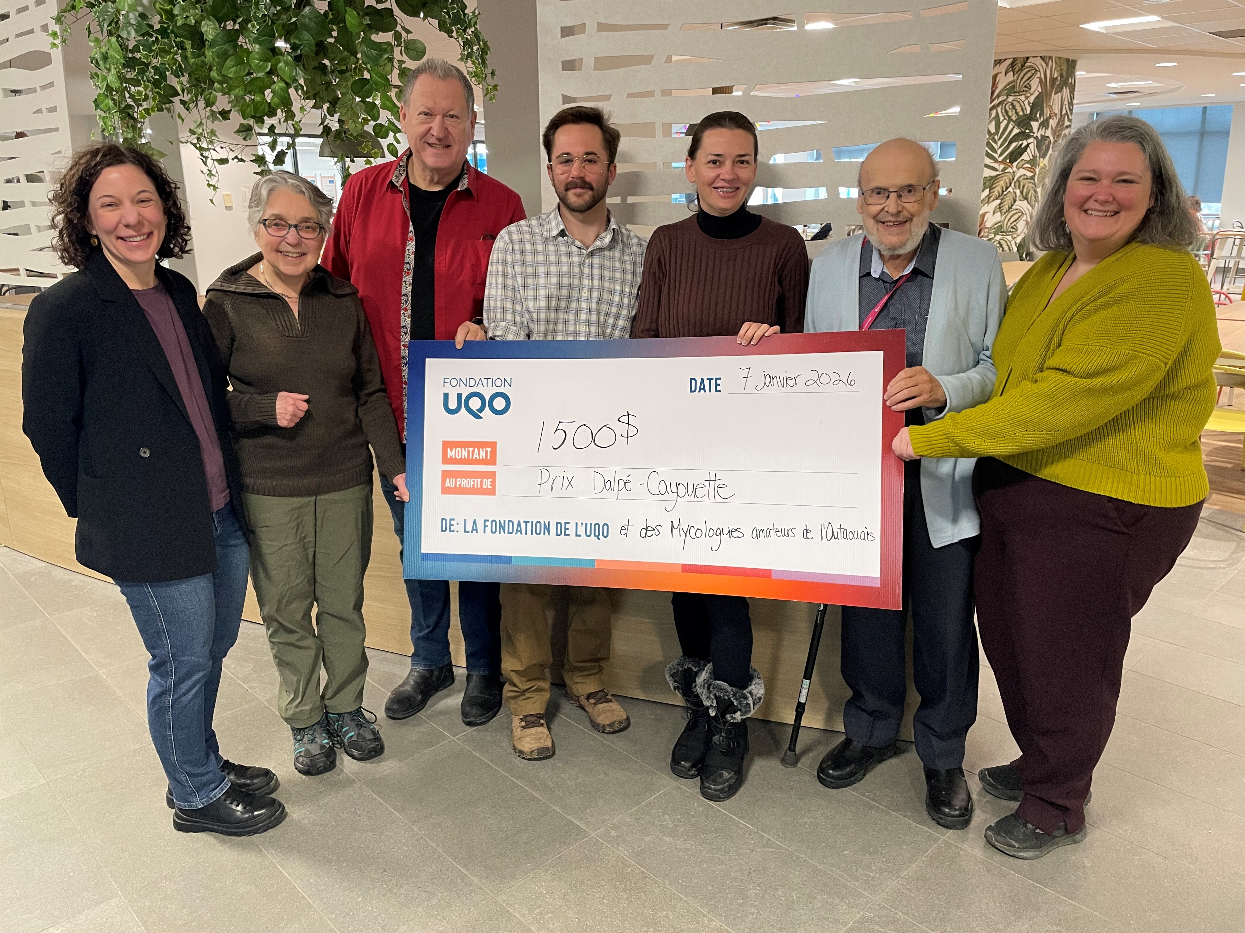 La Fondation de l’UQO tient à souligner avec reconnaissance le soutien des Mycologues amateurs de l’Outaouais (MAO), qui ont récemment remis un don de 1 500 $ pour la création du prix Dalpé-Cayouette. Ce nouveau prix vise à soutenir un ou deux personnes étudiantes dont le projet de recherche porte sur les champignons, un domaine aussi fascinant qu’essentiel à nos écosystèmes.
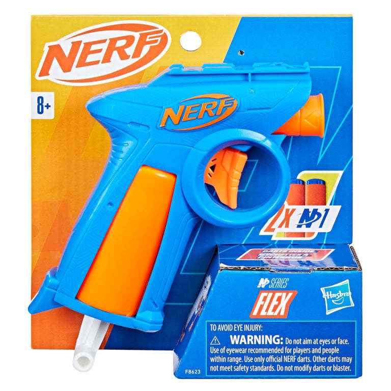 NERF N SERIES FLEX BLASTER: The Flex blaster is designed for stealth, with a compact size that makes it perfect for those moments when you need to blast a surprise extra dart or two in battle
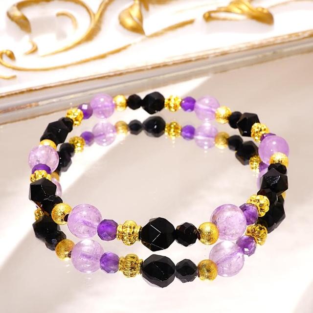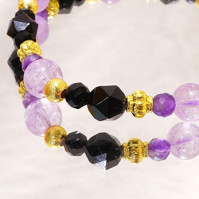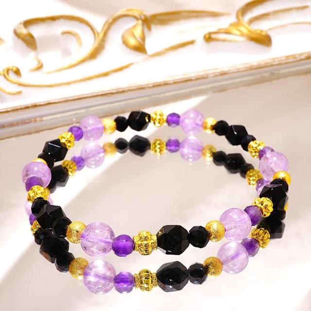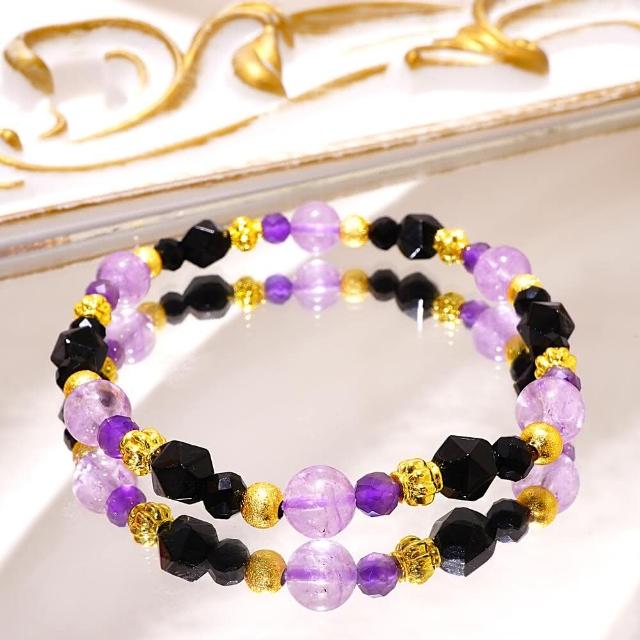 Miss黑色的魅惑/薰衣草紫水晶 紫水晶 黑瑪瑙 黑尖晶/天然水晶手鍊/綻放心靈深處
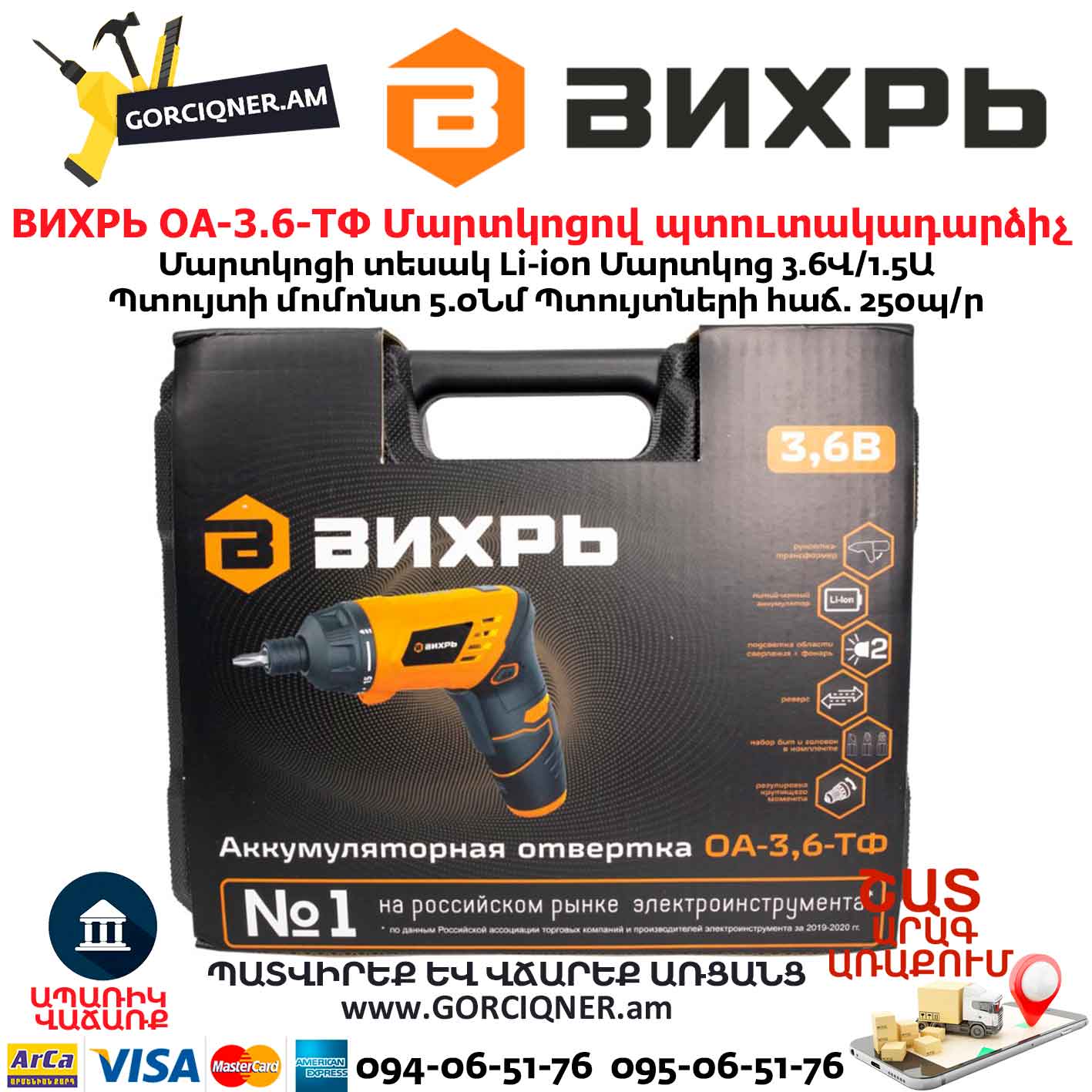Аккумуляторная отвёртка ВИХРЬ ОА-3.6-ТФ 3.6В/5.0Ач 72/14/31

▶ EXERCISE INSTRUCTIONS: This task calls for the lines from the line holding "Miss黑色的魅惑/薰衣草紫水晶 紫水晶 黑瑪瑙 黑尖晶/天然水晶手鍊/綻放心靈深處" through the last line above, restated word for word with both ends included and the pictures dropped.

▶ EXERCISE OUTPUT:
 Miss黑色的魅惑/薰衣草紫水晶 紫水晶 黑瑪瑙 黑尖晶/天然水晶手鍊/綻放心靈深處
Аккумуляторная отвёртка ВИХРЬ ОА-3.6-ТФ 3.6В/5.0Ач 72/14/31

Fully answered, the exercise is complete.